With sports postponed and gyms closed, student athletes have had to get creative when it comes to physical activity. Sophomore Zach Utz is a track and field athlete and long distance runner who has dedicated his quarantine time to biking the Island. Covering an average of 14 miles a ride, Zach has biked through Felix Neck, the State Forest, Tiasquam Valley, Middle Road Preserve, and more. “Biking is great exercise and a great supplement to running,” Zach said. “It’s just fun to get out there instead of staying inside all day.”

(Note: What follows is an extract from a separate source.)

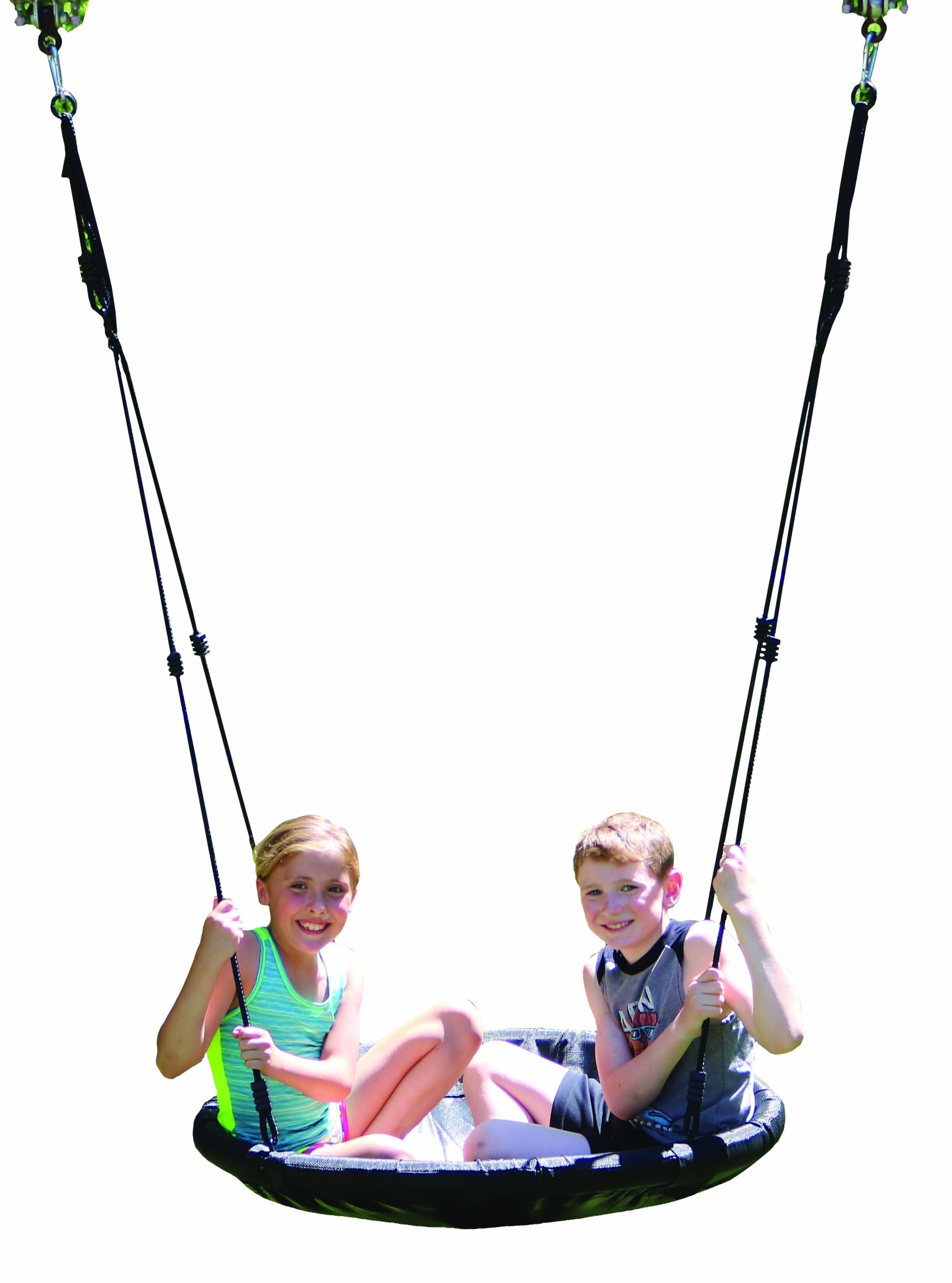 M&M Sales Enterprises Inc Adventure-MG Mat Swing Safety rated to 350 lb Rated for ages 5+ Roomy 39″ diameter UV resistant outdoor fabric seating Dense foam covered steel tube construction Strong enough to hold multiple riders Simply assembly and easy installation with adjustable hanging ropes Two swinging methods: two points for linear motion and a single point for merry-go-round swinging and spinning Hanging height of 68″

Similarly, senior and YMCA trainer Patrick Ribeiro has had to find a way to stay in shape without his usual gym access and with no equipment at home. He and MVRHS alumnus Benny Binder — who has recently returned home from Rollins College due to the pandemic— have constructed their own makeshift weights by mixing bags of cement and rocks in a mold that creates plates suited for an olympic bar. The plates themselves are very delicate, which prohibits the intensity of their training, but Patrick and Benny are satisfied in the meantime. 

“I think this break from school has given people the opportunity to pursue their own intellectual betterment and edification, out of an internal desire as opposed to being motivated by external pressures, which are often present in school,” Vito said. “It’s all about genuine learning.”